Announcement
Introducing ACI: What Post-Training Learning Looks Like
Most AI teams do not have a pretraining problem. They have a post-deployment change problem. New tenants, device fleets, jurisdictions, policies, and local behaviors all require the model to change after launch. The default answer today is more gradient work, more adapters, more retrieval infrastructure, and more operational risk.
ACI addresses that problem directly. Train or choose a strong backbone once, then handle frequent learning, editing, personalization, and rollback through explicit post-deployment operations: bind, adapt, constrain, unbind, and audit.

What ACI is
ACI has four core capabilities. It is a post-training learning engine, an exact unlearning engine, a governed personalization engine, and a hard-constraint safety engine. These describe what the system does after deployment: lower adaptation overhead, exact or certificate-bounded removal of specific learned contributions, per-tenant and per-device personalization without full model clones, and explicit constraints that live in the model itself rather than in prompts or sidecar middleware.

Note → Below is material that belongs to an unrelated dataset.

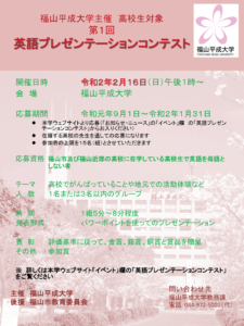 福⼭平成⼤学主催 第1回 英語プレゼンテーションコンテストを開催します!

Stability, plasticity, and editability
Stability means protected outputs stay inside a declared non-regression budget when the system changes. This guarantee is defined on named protected evaluation sets. In exact mode, retained constraints hold up to floating-point error. After lossy consolidation, the guarantee becomes certificate-bounded.
Plasticity means new admissible items can be incorporated in bounded time and bounded memory. A tenant fact, a device habit, or a new policy item should not require a full retraining cycle.

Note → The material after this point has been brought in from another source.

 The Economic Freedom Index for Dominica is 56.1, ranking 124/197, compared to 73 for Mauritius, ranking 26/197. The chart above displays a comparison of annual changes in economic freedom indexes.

Editability means specific learned contributions can be removed and the system can reconstruct the counterfactual retained state. If a tenant workflow, user preference, or subject-linked item must disappear, unbind returns the retained state to what would have existed had that item never been ingested.
Plasticity accepts new items. Stability keeps protected behavior from drifting. Editability removes items later and reconstructs the correct counterfactual state.
The three products plus the add-on
ACI Inference is the multi-tenant cloud and on-prem product: one shared service model, isolated tenant state, and operational surfaces for production serving.
ACI Personal Agents is the desktop, laptop, and on-device product: private personalization, local persistence, local erase, and explicit privacy reporting for personal agents and device software.
ACI Edge Runtime is the compiled edge surface: local adaptation under hard resource bounds for robotics, industrial, medical, defense, and automotive programs.
ACI Safety & Policy is the constraint and evidence add-on: typed constraints with deterministic precedence, hard deny and projection behavior, and signed evidence.
Where ACI fits relative to RAG and adapter stacks
Retrieval does not change the prediction function. Periodic retraining changes it, but does not provide exact removal of specific learned contributions. ACI changes the prediction function while also providing exact removal in exact mode or certificate-bounded removal in certified mode.
For safety: vector databases and adapter stacks do not preserve protected prior constraints by construction. In ACI, those constraints live in the retained control layer, which is why policy is part of the deployment surface rather than a late-stage wrapper.
What the benchmark data supports
The benchmark section establishes three points. First, supervised ACI performs strongly on reported benchmark artifacts. Second, pure analytic adaptation from scratch does not match mature baseline policies on hard continuous control. Third, ACI still delivers valuable stability and editability properties in robotics, which is why the edge position is hybrid refinement and safety rather than replacing established policies.
If the problem starts after deployment rather than before it, that is where ACI fits — a layer for post-training change, not a replacement for pretraining.